Architecture Intertwined with Quality

Clearly software quality—in fact, system quality in general—is a fractal concept. Requirements can poorly quantify the needs of a software system; architectures and other artifacts can poorly outline the analysis and design against those requirements; implementation via coding or modeling can poorly execute the design artifacts; testing can poorly exercise an implementation; and even quotidian use can incorrectly take advantage of a well-implemented, well-tested design. Clearly, quality testing must take into account design artifacts as well as those of implementation.

Fortunately, architectural quality methodologies (and indeed quality metrics across the landscape of software development) are active areas of research, with promising approaches. Given my own predilections and the technical focus of OMG over the past 16 years, clearly modeling (of requirements, of design, of analysis, of implementation, and certainly of architecture) must be at the fore, and model- and rule-based approaches to measuring architectures are featured here. But the tome you are holding also includes a wealth of current research and understanding from measuring requirements design against customer needs to usability testing of completed systems. If the software industry—and that's every industry these days—is going to increase not only the underlying but also the perceived level of software quality for our customers, we are going to have to address quality at all levels, and an architectural, holistic view is the only way we'll get there.

30 August 2013

About the Author

Dr. Richard Mark Soley is Chairman and Chief Executive Officer of OMG ®. As Chairman and CEO of OMG, Dr. Soley is responsible for the vision and direction of the world’s largest consortium of its type. Dr. Soley joined the nascentOMG as Technical Director in 1989, leading the development of OMG’s world-leading standardization process and the original CORBA® specification. In 1996, he led the effort to move into vertical market standards (starting with healthcare, finance, telecommunications, and manufacturing) and modeling, leading first to the Unified Modeling Language TM (UML®) and later the Model Driven Architecture® (MDA®). He also led the effort to establish the SOA Consortium in January 2007, leading to the launch of the Business Ecology Initiative (BEI) in 2009. The Initiative focuses on the management imperative to make business more responsive, effective, sustainable, and secure in a complex, networked world through practice areas including Business Design, Business Process Excellence, Intelligent Business, Sustainable Business, and Secure Business. In addition, Dr. Soley is the Executive Director of the Cloud Standards Customer Council, helping end users transition to cloud computing and direct requirements and priorities for cloud standards throughout the industry.
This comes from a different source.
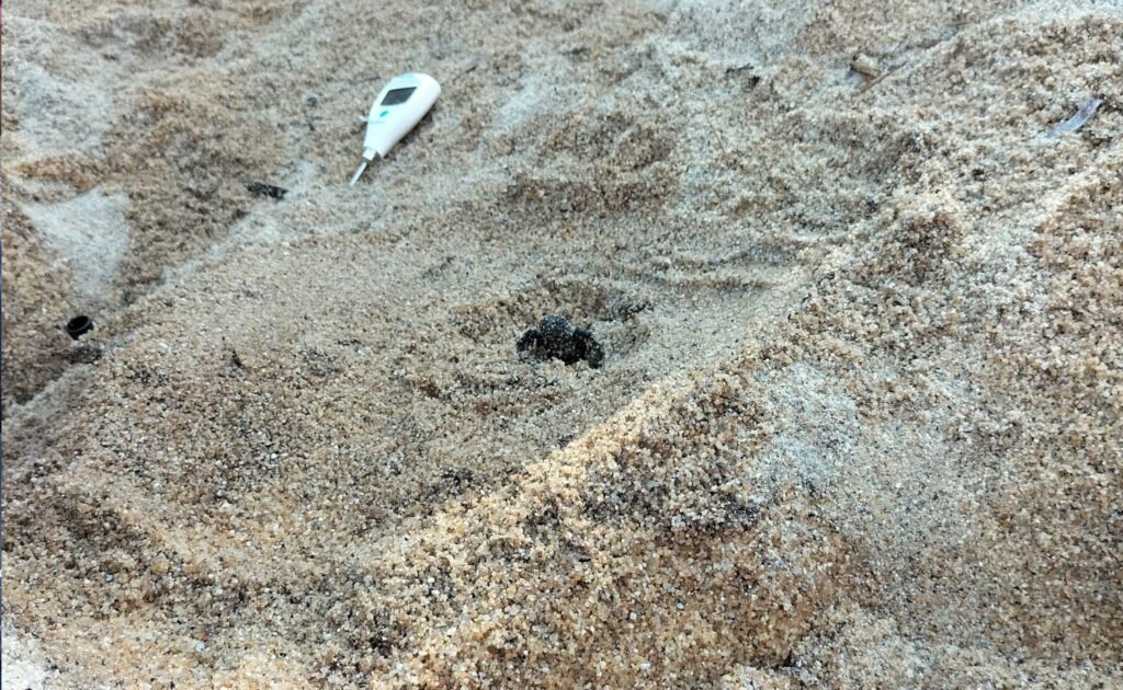 Il primo problema era quello di trovare il nido e, cosa non scontata, i ricercatori ci sono riusciti, scoprendo che mamma tartaruga marina a aveva depositato 80 uova, 40 delle quali non sviluppate e che nel nido c’erano ancora 22 tartarughine vive (2 delle quali non ce l’hanno fatta a sopravvivere), 8 erano “pipped”, cioè sviluppate ma già morte all’interno dell’uovo. Delle tartarughine trovate vive 16 a hanno raggiunto il mare con le proprie forze, mente 4 erano in condizioni critiche e non è stato possibile salvarle.

Dr. Soley also serves on numerous industrial, technical, and academic conference program committees and speaks all over the world on issues relevant to standards, the adoption of new technology, and creating successful companies. He is an active angel investor and was involved in the creation of both the Eclipse Foundation and Open Health Tools.

Previously, Dr. Soley was a cofounder and former Chairman/CEO of A. I. Architects, Inc., maker of the 386 HummingBoard and other PC and workstation hardware and software. Prior to that, he consulted for various technology companies and venture firms on matters pertaining to software investment opportunities. Dr. Soley has also consulted for IBM, Motorola, PictureTel, Texas Instruments, Gold Hill Computer, and others. He began his professional life at Honeywell Computer Systems working on the Multics operating system.

A native of Baltimore, Maryland, U.S.A., Dr. Soley holds bachelor, master’s, and doctoral degrees in Computer Science and Engineering from the Massachusetts Institute of Technology.